Он протянул руку, чтобы разбудить жену – пусть послушает и скажет, что это не галлюцинация, но рука скользнула по высокой подушке, холодной простыне – Елены не было.
Пётр уткнулся в подушку и забылся…
…Он чуть не проспал на работу. Обычно вставал, когда тоненький луч ложился подле кровати на его тапочки, отчего те всегда были приятно теплы, но сейчас луч бил прямо в глаза. Проснулась Елена, растерянно взглянула на него, потом на ходики, ахнула. Пока он умывался, она подогрела чай, поставила пирожки и убежала одеваться. Вернулась на кухню наспех причёсанная.
– Ты вчера поздно легла? – спросил Пётр.
– Ага. С баб Маней заговорилась да с Янисом. Всё о службе рассказывал. Тебе было плохо? – спросила она.
Он не ответил.
– Надо было посидеть немного. Обидел всех. Я сказала, что заболел.
Он поднял на неё глаза, но Елена смотрелась в зеркало…
…Яниса он увидел только вечером. Тот помогал деду делать снасть. Сам дед, покряхтывая, перевязывал длинное, до звона высохшее удилище. У деда поламывало поясницу – верный признак перемены погоды. Да и на севере курчавились, цепляясь за макушки гор, облака. Весной ненастье недолгое. Побушует и промчится, а уж после первого дождя начнётся настоящее тепло. И дед Карпов чувствовал, что будет дождь, поясница подсказывала.
Пётр кивнул деду, Янису, помедлил, пропуская вперёд Сам-Иванова. Но тот остановился в дверях, стал расспрашивать Яниса о службе, о планах. Янис отвечал сначала неохотно, но всё более оживляясь.
…В синеватых сумерках потянул ветер. Он гнал над землёй густой, чистый, сотканный из множества оттенков запах весны – то тёплый, то холодный – и крепчал. Опять, как ушедшая безвозвратно вьюга, застучал ставнями. Дед Карпов ходил по дому, не выпуская изо рта трубку. От ворчания бабы Мани он ушёл к Янису, расположившемуся в одной из пустующих комнат, посидел с ним возле транзистора, потом забрёл к Петру.
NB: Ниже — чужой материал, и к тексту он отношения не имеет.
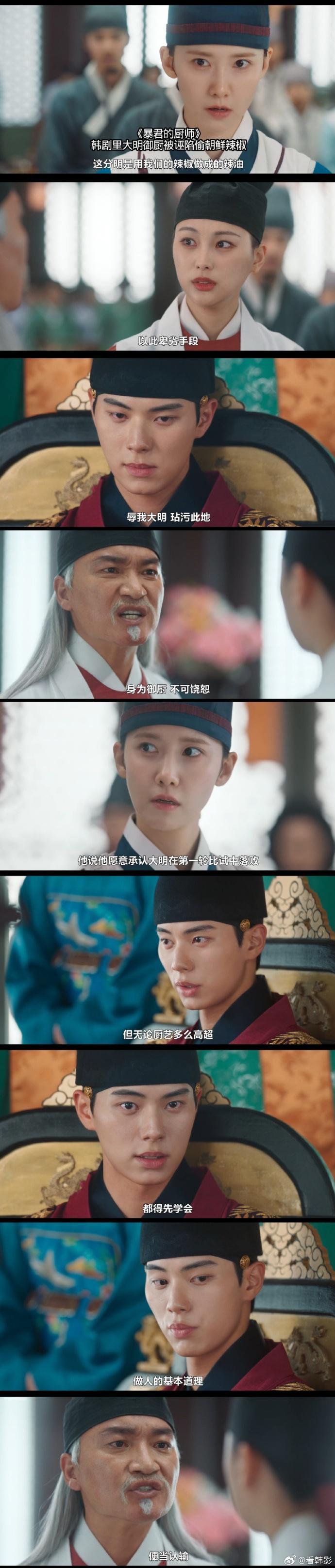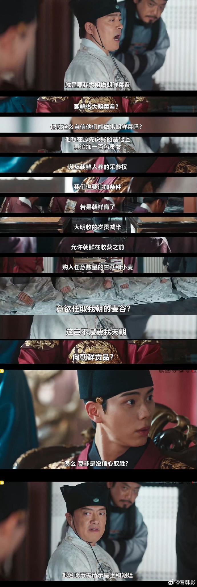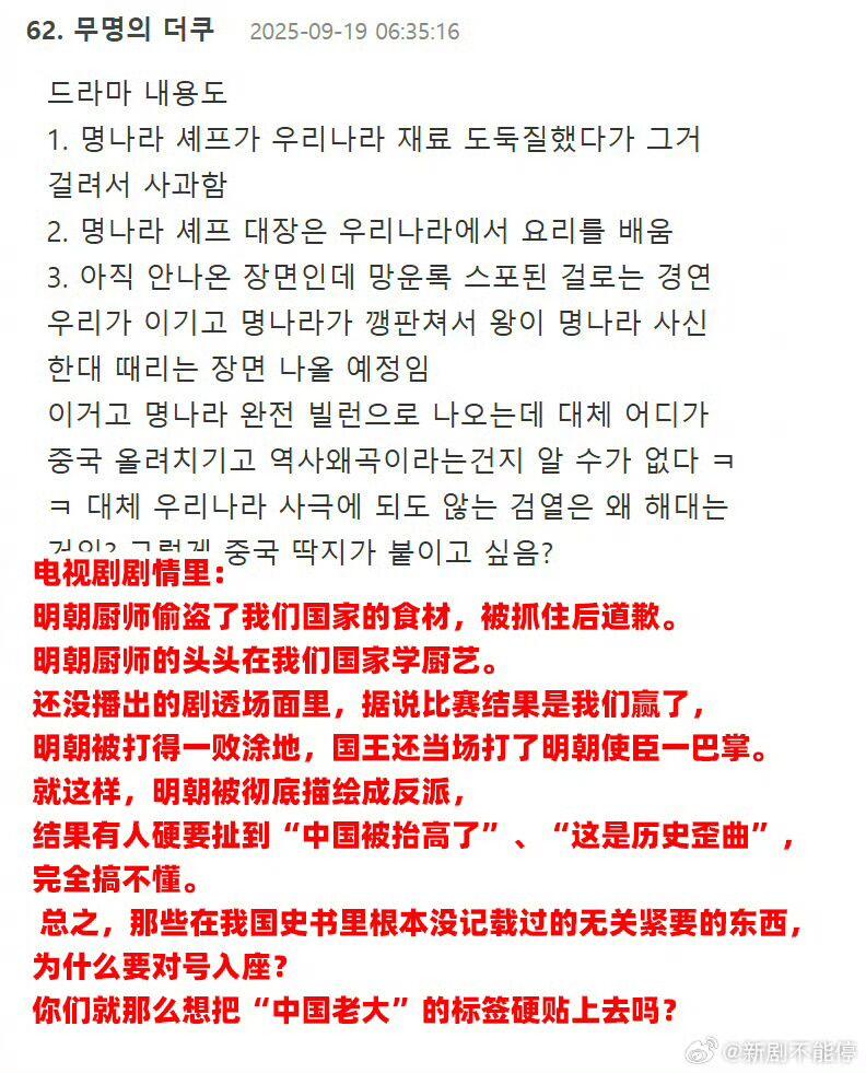 该剧的剧情可谓离谱至极。比如,“大明厨师去朝鲜学厨艺”、“大明川菜大师在朝鲜才第一次见到辣椒”、“川菜败给拌饭”等情节,完全是对历史的歪曲和意淫。更离谱的是,剧中还有朝鲜厨师打脸大明使者的剧情。要知道,在韩国自己的史书上,都记载着明朝时期朝鲜是如何俯首称臣的。该剧如此拍摄,无疑是在否认自己的史书。

Похлопал его по плечу, кивнул в сторону кухни, где слышался звон тарелок – Елена наводила порядок.
– Поругались?
– Откуда взял? – недовольно поморщился Пётр.
– А нет, так и нет, – поспешно согласился дед. – Я просто так сказал… Радикюль этот, места не нахожу. Но дождичек будет хороший.
Дед ушёл спать.
Елена куда-то убежала, наверное, к соседкам.
В комнате, где устроился Янис, трещал транзистор.
Всё чаще и сильнее стучали ставни…
Он лёг спать, так и не дождавшись Елены.
И среди ночи опять проснулся.
Река сегодня шумела более грозно. Этот ровный гул иногда доносил голоса.
…В коридоре пол нещадно скрипел, несколько раз Пётр замирал, сам удивляясь своей осторожности. Дверь тоже ржаво визжала, он долго открывал её.
На улице было тихо. Ветер, так и не собрав своё дождевое войско, ушёл дальше.
Петр прошёл по берегу, послушал, как хлюпают по камню волны, потом обошёл дом, замер возле окна комнаты, где жил Янис.
И услышал те же голоса.
Он узнал их и, покачиваясь, пошёл прочь.
На крыльце остановился.
Виски рвала звенящая боль, в груди жгло, нестерпимо ломило сердце. Не было злости, ненависти, только растерянность, ещё большая пустота и непонимание.
Он вернулся в комнату. Не снимая сапог, прошёл к кровати, опустился на мягкую перину, но тут же вскочил. За его спиной Елена, сидя в постели, расчёсывала волосы, стряхивая на ночную рубашку пощёлкивающие искорки.
Дрожащей рукой нащупал на стуле папиросы, закурил.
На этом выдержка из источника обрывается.